Despite a large number of publications on this subject, the pathophysiological mechanisms
involved in atrial fibrillation (AF) onset and recurrence are uncertain. Moreover,
though several thrombo-embolic and bleeding prediction [1] scores for AF patients
have been developed, their performance is still limited [2]. Taken together, these
facts suggest that we are still missing a global theory of atrial fibrillation pathophysiology
(or at least some parts of it).
A better understanding of AF pathophysiology could come from the integration of all
the cardiac environment modulators, including “Coumel triangle” components [3]. Indeed,
apart from the pulmonary vein triggers that have been extensively studied [4], the
relationship between other triggers (inflammation as in acute AF [5,6,7], stable coronary
artery disease [8], or post-operative AF [9]), the modulator (mainly autonomic nervous
system dysregulation [10]) and substrate alterations (fibrosis but also changes in
the conduction properties of the atrial cells even in the absence of a quantifiable
“scar” [11]) have been recently brought to light by several papers [12,13]. The interplay
between cardiovascular risk factors, mainly high blood pressure [14] and obesity [6],
atrial epicardial fat, and atrial ganglionated plexi [15], is complex and critical
for the understanding of AF, but also in the search for new treatments. In this regard,
a particular focus should be placed on the new anti-diabetic therapies (SGLT-2 inhibitors
[16] and GLP-1 receptor agonists [17]) that have not only proven a benefit for major
cardiovascular events (MACE) occurrence but also a decrease in AF burden. These treatments
do not act so much as glycemia regulators, as Hb1Ac is usually only slightly decreased,
but on the complex metabolic pathways involved in diabetic cardiomyopathy and possibly
also in metabolic syndrome patients without diabetes. Thus, a fascinating field of
research is open for the characterization of the metabolism’s role in AF onset and
persistence and perhaps also as a therapeutic target, as suggested by the major results
obtained through weight loss in obese patients suffering from AF [18].

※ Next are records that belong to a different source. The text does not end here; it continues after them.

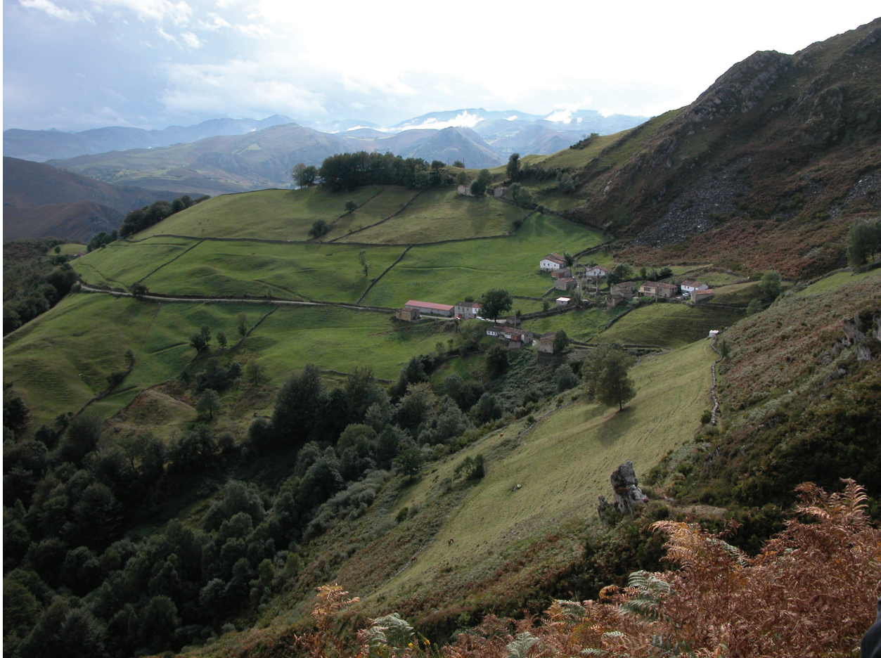
Figure 15.4. Moudreiros (Asturias, Spain). A winter vaqueiro village or braña de invierno.
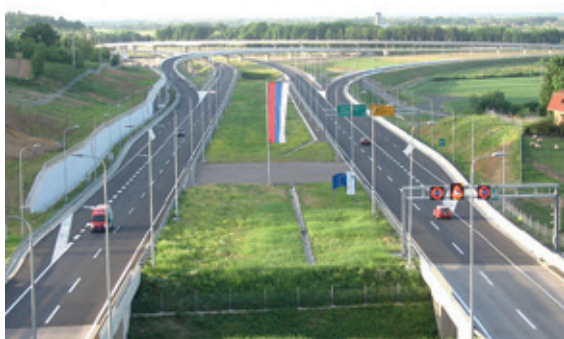
Figure 2: Highway E-661 (Freelance artist, 2013)

The conducted research included the counting of traffic during four years, after the transition to a closed charging system on the entire network of highways in the Republic of Srpska. The research was conducted in the period from the beginning of November 2019 to the end of December 2022. The data were collected from the Public Company " Republic of Srpska Motorways", from the Center where all traffic data on highways managed by the mentioned company are stored. After data collection, a database was created in the "Microsoft Office Excel" program, in which data analysis was performed. General data analysis was performed for each month individually, as well as for each year separately.
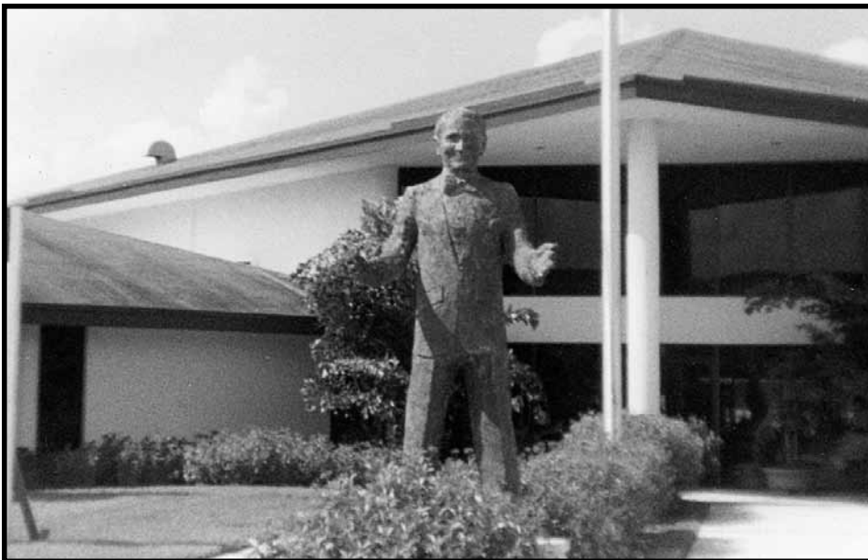
Statue of the late Red Buttons, nationally recognized stand-up comedian and actor, and advertising spokesperson for Century Village, c. 1970s

Now the campaign to "sell" the proposal to the public was begun. A political action committee (PAC) was created by Mayor Flanagan with advice
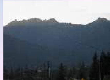
In the shadow of mountains Weaverville, California

The Void which is the absence of Being exists and Contains no Law. The Void may be regarded to be Part of every element of Being.
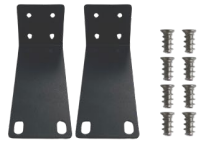
Wall Mounting Accessory
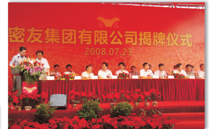
2008年7月23日密友集团有限公司揭牌 July 23rd, 2008, Miyou Group Founded
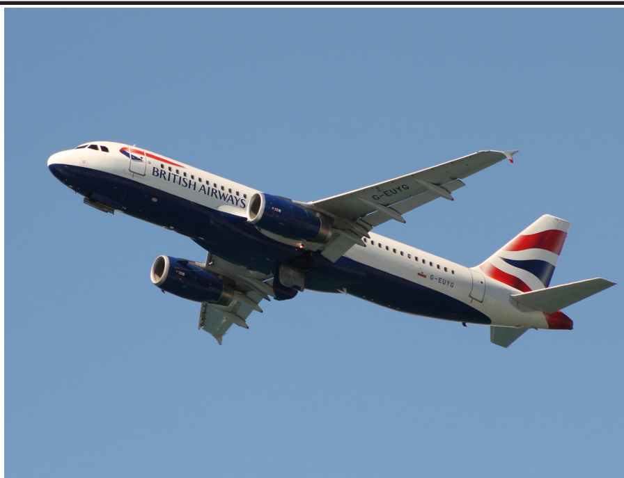
G-EUYG Airbus A320 British Airways Gibraltar 30 July 2015 Alan Sinfield
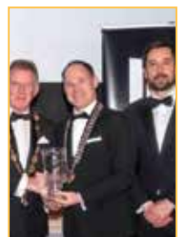
Irish Planning Awards Page 24
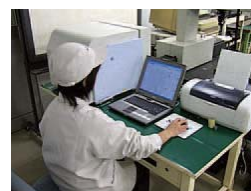
Measuring environmental impact

Kyosan Denki Co, Ltd. is an OE Manufacturer for: Toyota, Nissan, Honda, Mitsubishi, Daihatsu, Fuji, Kubota, Yamaha, Komatsu, and Denso.
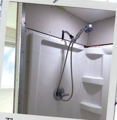
The remodel in our house is making progress.
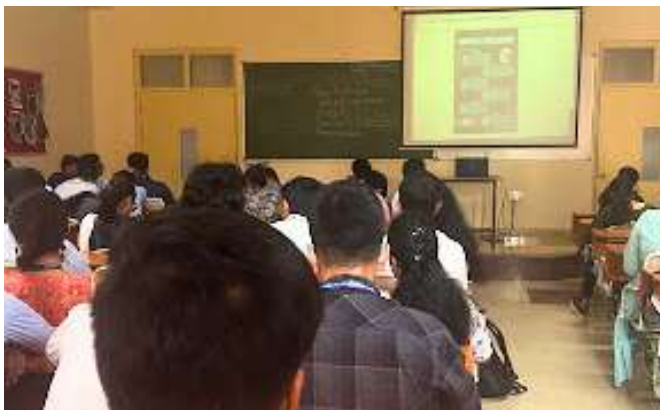
Students of First year B.Com (F&A) A
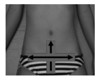
Fig. 1. Kinesio taping method

parous women in their twenties and thirties without pathologic findings in the pelvic cavity, whose menstrual pain scores were five or higher on a visual analogue scale (VAS). The subjects were randomly divided into a Kinesio taping group, for which Kinesio tape was applied to the abdominal and lumbar areas of the subjects, a spiral taping group, and a control group. Of the initial 42 subjects, 34 were after excluding eight, whose menstrual due date did not correspond with the time of research or who did not fully engage in the program (Table 1). After menstruation ended, degrees of menstrual pain and premenstrual syndrome were measured again.
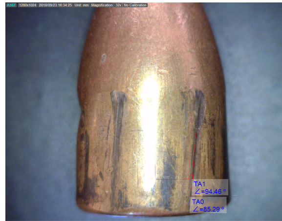
Figure 5: Two digital measurements from Bullet A were acquired for the interior angle (the rifling angle) of 85.29° and the exterior angle of 94.46°.

as if they were displayed in an exhibit position (the position of the CE 399). Four images were acquired labeling Bullet A, B, C, and D. Again, which bullet was fired by Pistol A was unknown to the author (the black box method). The magnification for the four bullets was set at X 32 and the working distance at 44 mm for the best focus (See Figures 5, 6, 7, and 8).
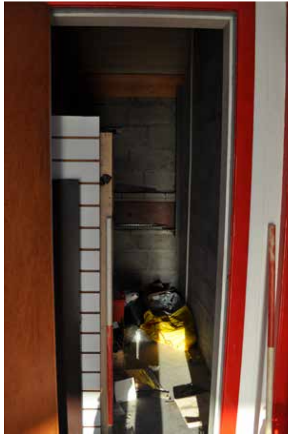
Plate 88: Building 1, general view of Room 2/7 looking towards SSE facing wall, looking NNW
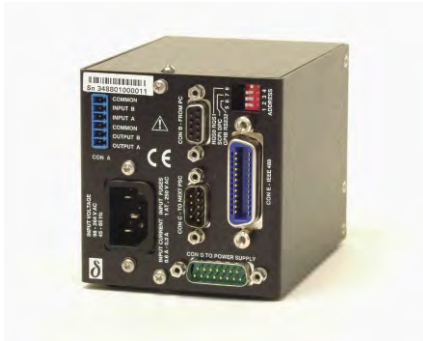
External PSC module
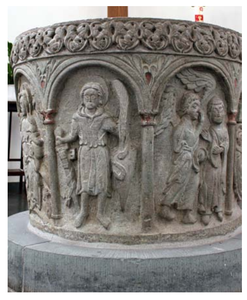
Fig. 20. Stockum baptismal font, mid-to-late 13th century, St. Pankratius Church, Sundern-Stockum, Nordrhein-Westfalen, Germany. Photo BSI.

on the tub-shaped, thirteenth-century baptismal font at Stockum (fig. 20), only 40 kilometers from Freckenhorst, depicts similar topics in the narrative cycle as seen on the Freckenhorst font. Both fonts depict the Annunciation, Nativity (fig. 21) and the Baptism of Christ. The Ascension of Christ and the Harrowing of Hell on the Freckenhorst font are replaced by a representation of the Adoration of the Magi and St. Pancratius on the Stockum font. Each scene on the Stockum font is framed by an arcade with a palmette border around the rim. Both the Stockum and Freckenhorst fonts were part of the northern trend in making cylindrical fonts with Christological narrative cycles.
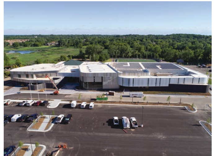
The Plymouth Community Center Event and Education wings are set to open Monday, July 18, marking the completion of the two-year project.
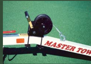
Bolt On Winch Kit
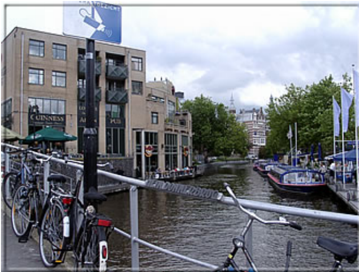
View from the Hein Donner-Bridge (named after the Dutch GM). It's not far away from the MEC now.
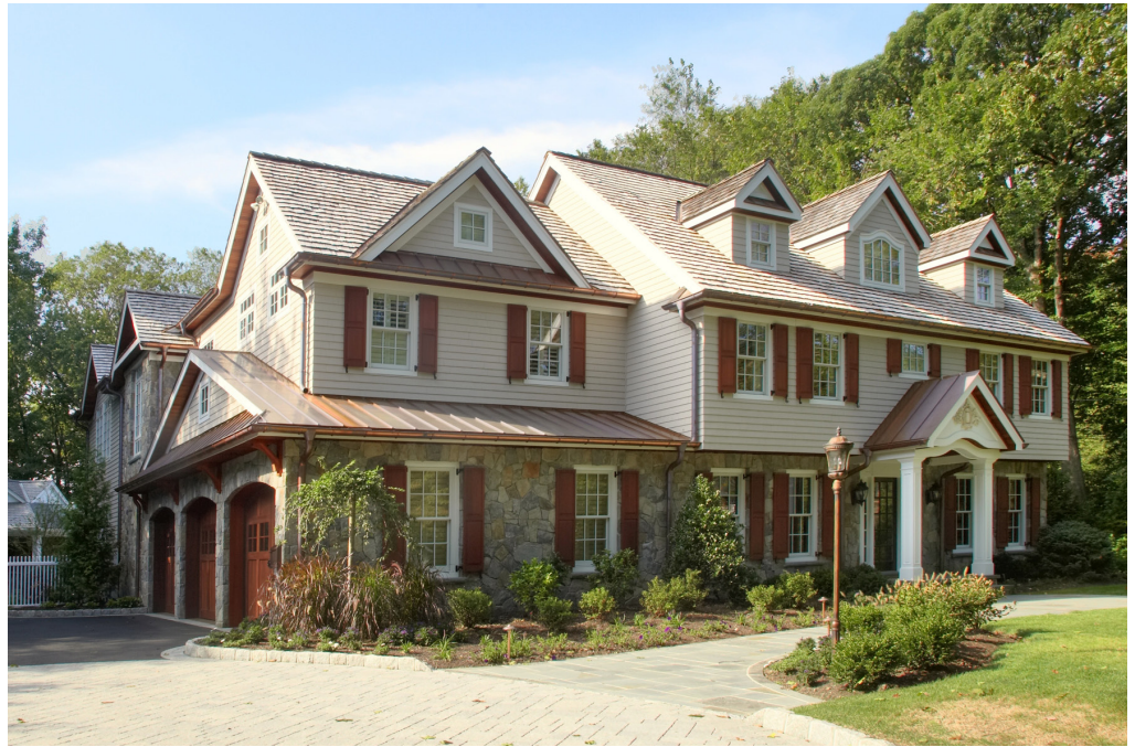
Allendale, New Jersey, home after construction. Image courtesy of Z+ Architects.

With Revit Architecture, Autodesk Seek, and new BIM-ready Pella product models, Z+ Architects transforms a house.
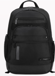
TEB005US | 15.6" Revolution Backpack ✈️ 🛡️ + LOGO
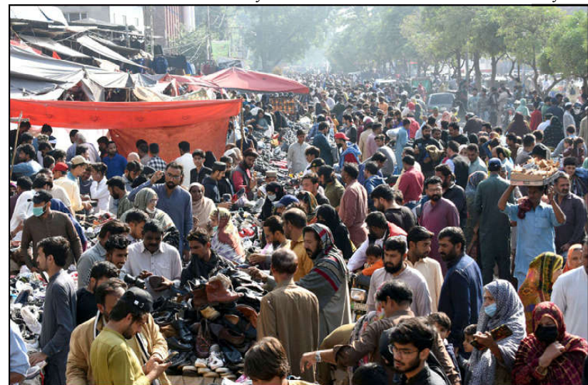
LAHORE: A large numbers of people is busy in buying shoes and warm clothes in a Landa Bazaar at Hajji Camp in Provincial Capital.
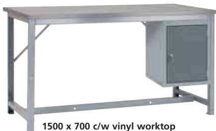
1500 x 700 c/w vinyl worktop PW157B + C1 £369.28

In the past few years, the concept of atrial cardiopathy has emerged as a promising
lead to connect AF to stroke, heart failure, and inflammatory processes; indeed, all
of the mechanisms associated with atrial remodeling and the development of atrial
cardiopathy are also likely to promote the development of AF [19]. An international
expert consensus defined atrial cardiopathy as “any complex of structural, architectural,
contractile, or electrophysiological changes affecting the atria with the potential
to produce clinically-relevant manifestations” [20]. This recent concept suggests
that the real trigger of stroke may be an abnormal atrial substrate rather than the
atrial rhythm itself. Indeed, evidence from studies analyzing the data obtained from
implantable cardiac devices has recently demonstrated that there is no temporal correlation
between AF and stroke [21]. This finding is in line with current thinking on the pathophysiology
of the relationship between AF and cardioembolic stroke [22]: AF seems to be more
of a risk marker than the cardioembolic risk vector itself. It is, therefore, only
a symptom of underlying atrial cardiomyopathy, which, even in sinus rhythm, increases
thromboembolic risk. For now, however, the lack of a clinically validated definition
of atrial cardiopathy limits its clinical applications and the reproducibility of
the results obtained using these various definitions. Indeed, several clinical, electrocardiographic,
biological, and imaging markers [23] have been suggested [24], but few of them have
been correlated to atrial tissue abnormalities as defined by the international expert
consensus [20].
The aim of this Special Issue is to gather basic research, as well as pathophysiological
and epidemiological papers, focused on the relationship between atrial substrate and
atrial fibrillation onset, recurrence, and outcomes.